Oh, thank god you qualified that at the very end. Up till that point, I was worried this wasn't going to make any sense at all.

* What would be the citizenship of a baby born to astronauts on the way to or from Mars (or on the Moon)? Let's make it extra-complicated and presume the parents are of different nationalities.
Oh. I was all set you give your answers based on the initial information you gave (Mars: Martian. Moon: Moonie), but that last curve ball changes everything. The baby would be Norwegian.

* No one knows you as well as your sibling whom you are closest to. Michael Jackson had many siblings. Which one was he closest to? That sibling is the one to listen to.
He was closest to Bubbles, but Bubbles is pissed that he was cut out the will and not allowed to sit in the front row at the funeral. So. Bubbles ain't talking.

* Suppose you're sitting at your desk and viewing a real-time beach scene on a Webcam set up 2,000 miles away. And you're watching somebody get assaulted. Do you call your own 911 number to report it, or what's the next best thing to do?

Where do you work?

* Please give me dimensions for a wooden box for a body whose ashes weigh 6 lbs.
The box your handcuffs, duct tape and gag came in should do nicely.

* Where can I buy wine that has the word frog in its label?

Right here. I have a bottle of wine, and a Sharpie. That'll be 47 dollars, please.

* I just started researching information on the subject regarding lack of sleep. I know a very good subject for research. Would there be an interest by any research groups that you are aware of?
Nobody has ever, ever investigated this before. But I know many places are always open to lay people coming in and setting up labs and just messing around with some cool ideas. I suggest you start with Johns Hopkins and the Mayo Clinic. They'll be thrilled to discover that sleep deprivation exists, and that you're willing to look into and bring your own test subjects with you.

* How long does an elderly person with pneumonia and respiratory problems have to live?
Indefinitely, unless you 'trip' over the plug. But double check you're actually in the will; that could be a lot of bad karma for no gain. I highly suggest you run around asking everyone, however. People love to see how much family members care, especially the ones who haven't visited or called until now.

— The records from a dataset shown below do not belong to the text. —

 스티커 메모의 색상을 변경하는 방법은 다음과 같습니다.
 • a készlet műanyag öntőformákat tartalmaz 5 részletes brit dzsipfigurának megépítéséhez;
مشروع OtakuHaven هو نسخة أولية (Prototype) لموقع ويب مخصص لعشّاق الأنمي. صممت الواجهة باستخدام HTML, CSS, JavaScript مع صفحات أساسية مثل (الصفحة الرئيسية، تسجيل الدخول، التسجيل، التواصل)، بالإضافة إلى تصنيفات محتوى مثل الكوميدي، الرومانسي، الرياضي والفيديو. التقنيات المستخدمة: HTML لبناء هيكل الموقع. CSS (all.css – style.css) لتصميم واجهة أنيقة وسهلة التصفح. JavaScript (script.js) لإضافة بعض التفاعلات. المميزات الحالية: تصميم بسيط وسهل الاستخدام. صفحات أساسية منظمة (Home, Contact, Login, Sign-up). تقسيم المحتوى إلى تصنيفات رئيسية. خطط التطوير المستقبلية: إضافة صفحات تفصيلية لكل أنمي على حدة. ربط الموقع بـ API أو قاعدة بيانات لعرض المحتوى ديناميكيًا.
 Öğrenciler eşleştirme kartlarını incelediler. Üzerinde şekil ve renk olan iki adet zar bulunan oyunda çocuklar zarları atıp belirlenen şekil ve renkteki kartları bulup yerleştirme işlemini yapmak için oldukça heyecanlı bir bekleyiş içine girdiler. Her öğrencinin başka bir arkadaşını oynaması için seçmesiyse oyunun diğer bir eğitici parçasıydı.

* I have some questions about washing the following vegetables for use in a fast-paced delicatessen: (1) If I wash red onions, they become soggy to put on bread for a sandwich. Do I need to wash onions? (2) If I wash mushrooms, they are soggy for our salads. Do I need to wash mushrooms? (3) If I wash lettuce, it becomes soggy for placing on bread for a sandwich. Do I need to wash kale? And can I get by without washing iceberg lettuce if I remove a few outer layers?
Onions are self-washing - germs get all teary around them, so they leave. Mushrooms are grown in poop. Take them off the menu, or warn people that they're grown in poop. Don't worry about washing the lettuce. If people say the sandwich has a gritty texture, tell them that's the artisan bread you charged them 4 bucks extra for. If Kale needs a shower, by all means wash him. Maybe you should open a dollar store instead.

* My son plays drums in a band, they play 6 hours, he wears a black derby, his face is blood-red, heat escapes from the scalp, is he loosing his hair because of this? He is 33.

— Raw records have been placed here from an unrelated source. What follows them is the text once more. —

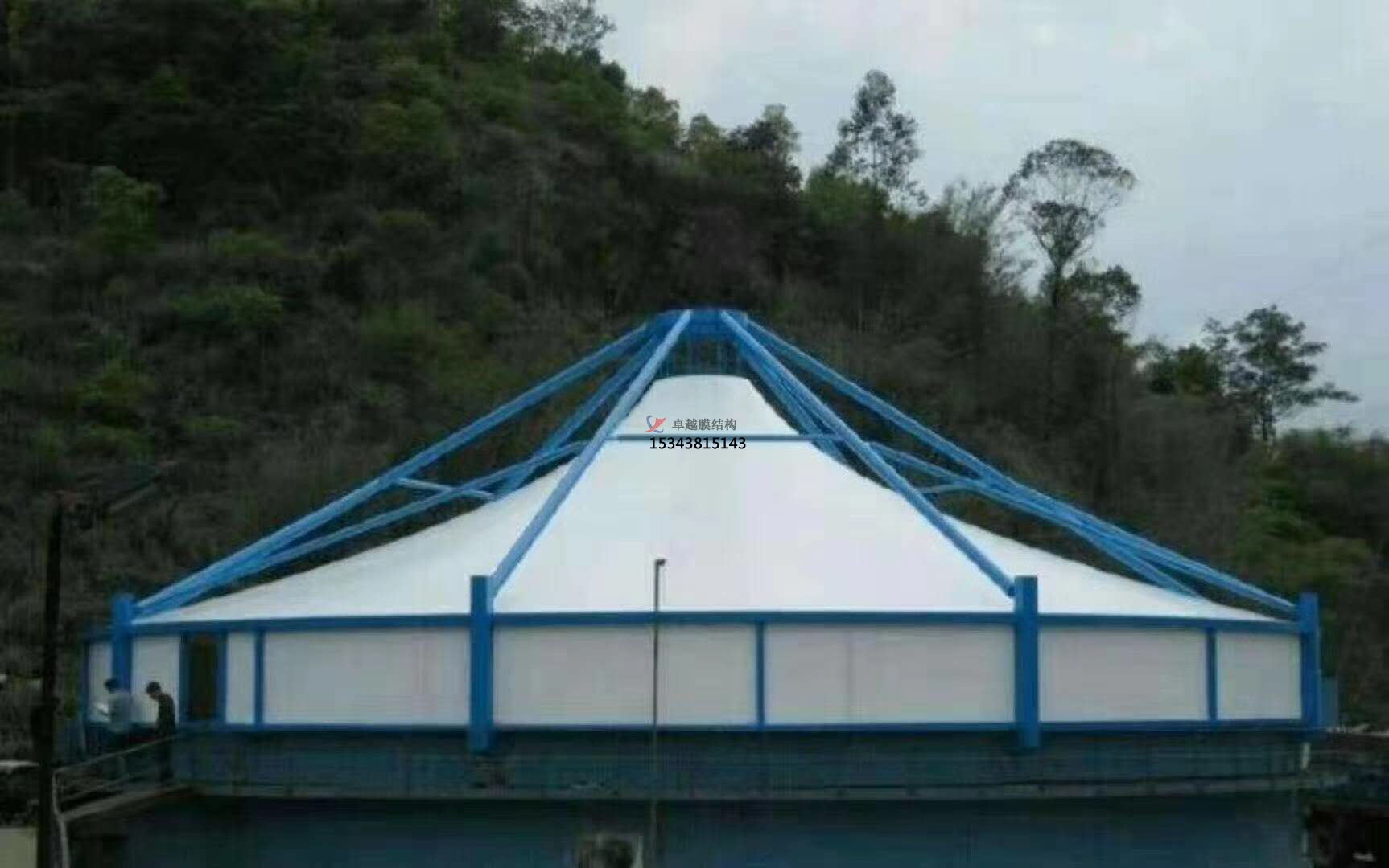 5、膜結構污水池加蓋具有結構牢固、外觀新穎,經濟適用,適用壽命長,節能環保等優點。深受廣大用戶的一致好評,卓越所有工程全部都是通過專業3D3S膜結構軟件計算通過,結構安全,質量可靠。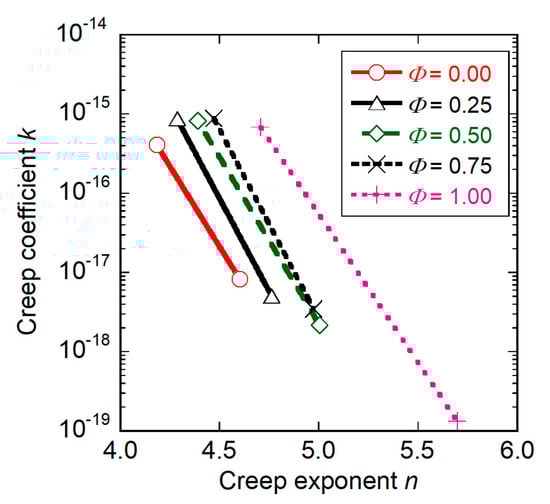 If the A is constant, the logarithm of B can be determined by the creep exponent and creep coefficient obtained through the high-temperature indentation creep test. The gradient of approximate line for the unused specimen (Φ = 0.0) shown in Figure 6 was employed as the constant A.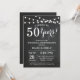 Convite de 50º Aniversário de Casamento. Fundo de Quadro de Giz. Luzes de Corda. Preto e Branco. 1º, 2º, 3º, 4º, 5º, 10º, 15º, 20º, 25º, 30º, 35º, 40º, 45º, 50º, 55º, 60º, 65º, 70º, 75º, 80º, Qualquer Ano. Aniversário de Adulto. Festa de Aniversário de Homem ou Mulher. Para personalização adicional, clique no botão "Personalizar" e use nossa ferramenta de design para modificar este modelo.

He's losing his hair because his maternal grandfather was bald. But if you'd prefer to make him grow up, get a real job and move out of your basement, tell him it's the hat.

* I have always thought yawning is contagious—you see someone yawn and you find yourself yawning. I've read articles that confirm this is true. So when I had my first child and was desperate to get him to go to sleep, I would yawn while he was looking at me in hopes of making him yawn, realize how tired he was, and go to sleep. Instead, he would just stare at me. He was immune to my yawning. With my second child, I notice the same thing. But now my first boy is three-and-a-half and he will yawn when I yawn. So when does yawning become contagious?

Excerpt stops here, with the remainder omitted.